大体、アンタだって命令違反で処分受けることになるのよ。解ってんの?」


「何が命令違反だ、おかしいのは君達だ! そっちこそ解ってないのか!? コイツは葛城さんの頭を吹っ飛ばして、建物に穴をあけるくらい凶暴なんだぞ!」


「人間が変な手出ししなかったら、この子だってそんなことしなかったでしょ。……バカばっかりでうんざりするわね」


 翼は露骨に機嫌を悪くしてる。美人だから余計怖い。迫力ある。でも僕の味方みたいだから、頼りになるな。そのままこの嘘つきをコテンパンにしてほしい。

 嘘つき男は、なんだか傷付いたみたいな顔をしていた。そしてすぐに、僕を憎悪のこもった目で睨む。ええ……なんでコイツがムムムみたいな顔してるの? 立場絶対逆でしょ。そんな顔されても困るんだけど。

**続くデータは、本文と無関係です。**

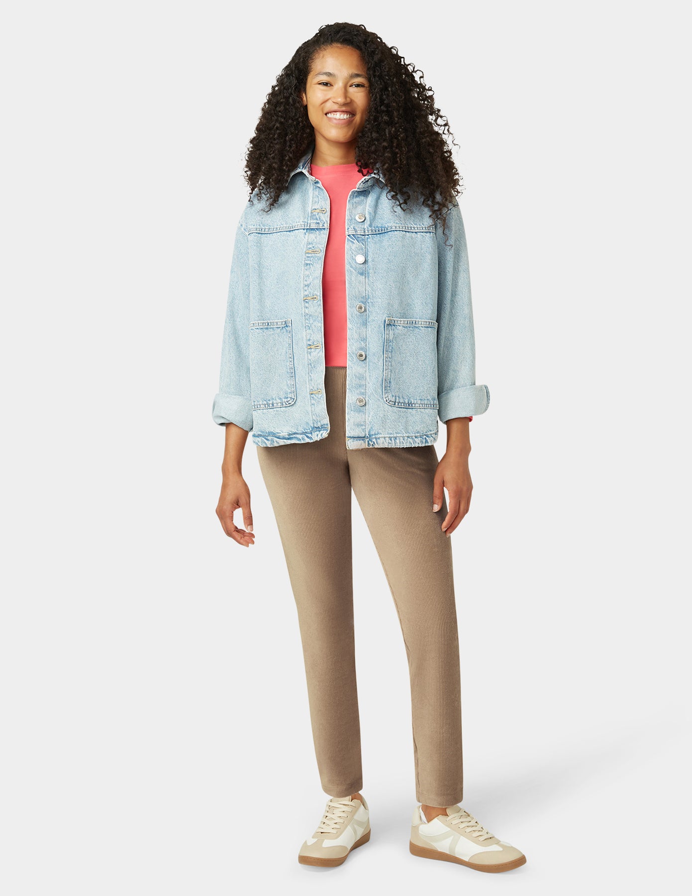 The Plush Corduroy style includes pants with a natural rise and relaxed tapered leg, crafted from knit corduroy with wider wale for added texture and warmth. Featuring a 30" inseam.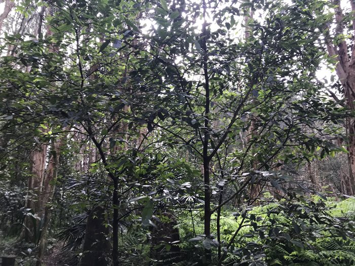 Location: As you walk along the boardwalk, look eye height on your left for an understory plant with dark green rough looking leaves. This tree will one day become a canopy species.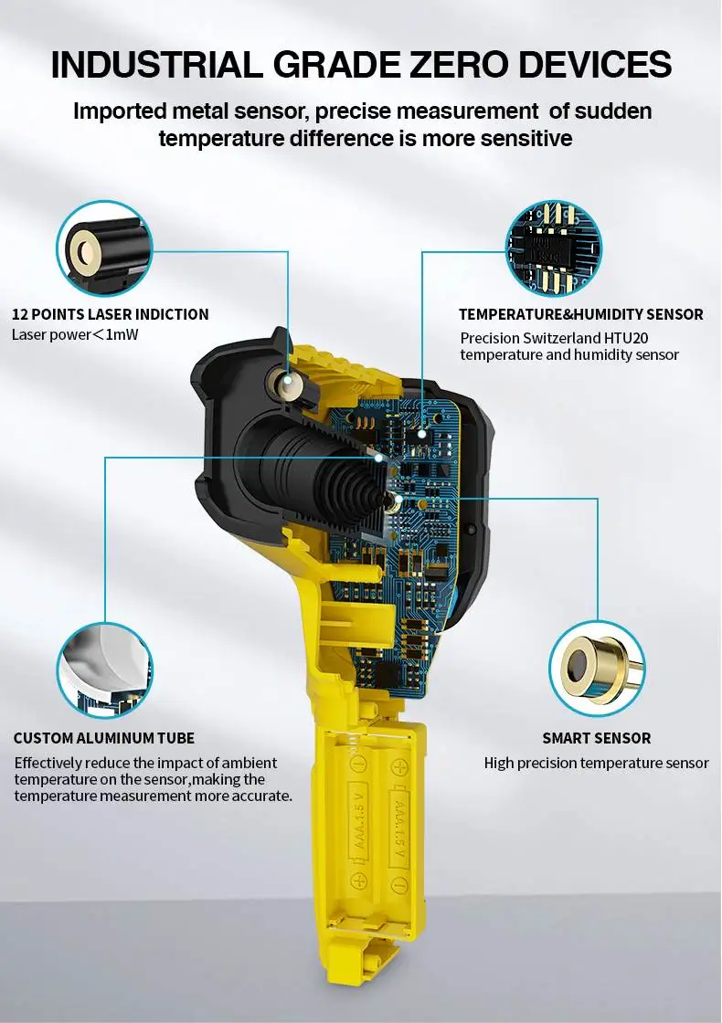 1. Бесконтактный промышленный термометр с 12 точками температуры2. Сигнал тревоги разности температур, максимальное и минимальное значение можно установить3.800B, 800C с контактным зондом, может точно измерять температуру жидкости4. Другие функции: температура плесени, температура точки росы (только для 800C)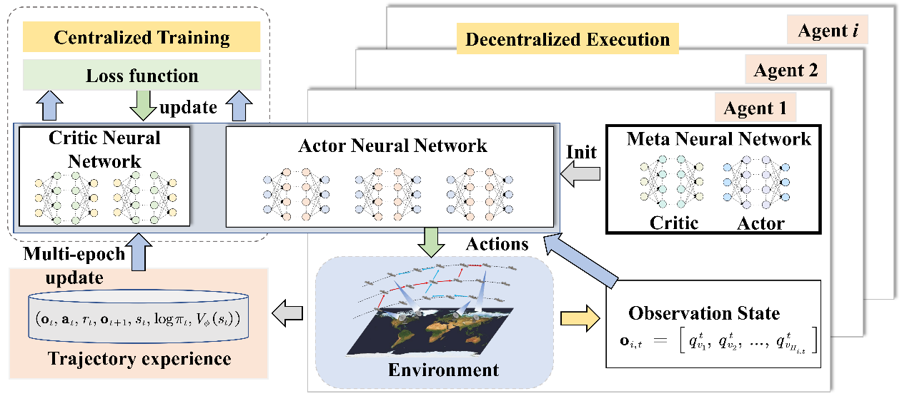 研究团队围绕动态卫星网络环境下,长距离复杂端到端路径选择与时延优化问题展开了系统研究,针对现有路由方法在低轨卫星网络中存在的网络链路拥塞波动、策略收敛速度慢等关键挑战,首次在多智能体强化学习框架中引入了元学习思想,并提出基于元强化学习的多智能体近端策略优化的多路径选择方法。该方法将星地融合网络中多源多目的通信问题,建模为分布式部分可观测马尔可夫决策过程,并通过跨任务经验,共享学习具有良好泛化能力的策略初始化模型,使算法在新的网络场景中可实现快速适配与稳定优化。

「どうして君はそんなことが言えるんだ。ケイブに家族を殺された人間を、何人も見ただろう! そんな獣以下の奴を仲間に迎え入れるなんて、頭がおかしいんじゃないのか!?」


「だから? それはこの子がやったんじゃないっつってるわよね」


「やってからじゃ手遅れなんだよ! 私の家族みたいなことになる前に、ソイツは解剖に回すべきだ! リスクを抱えたままでいられるか!」


「バカみたい。この子とちょっと喋ったら、他のケイブとは全然違う生き物だって解るじゃない」


「でもケイブだろ!? 結局同じだ!」


「ああ、もううるさい。アンタに何言ったって、危険だ危険だって喚くばっかりで理解しなさそうだからもういいわ」


 翼はばっさり嘘つきを切り捨てた。嘘つきは拳を強く握り込んで、唇をわなわな震わせている。悔しそう。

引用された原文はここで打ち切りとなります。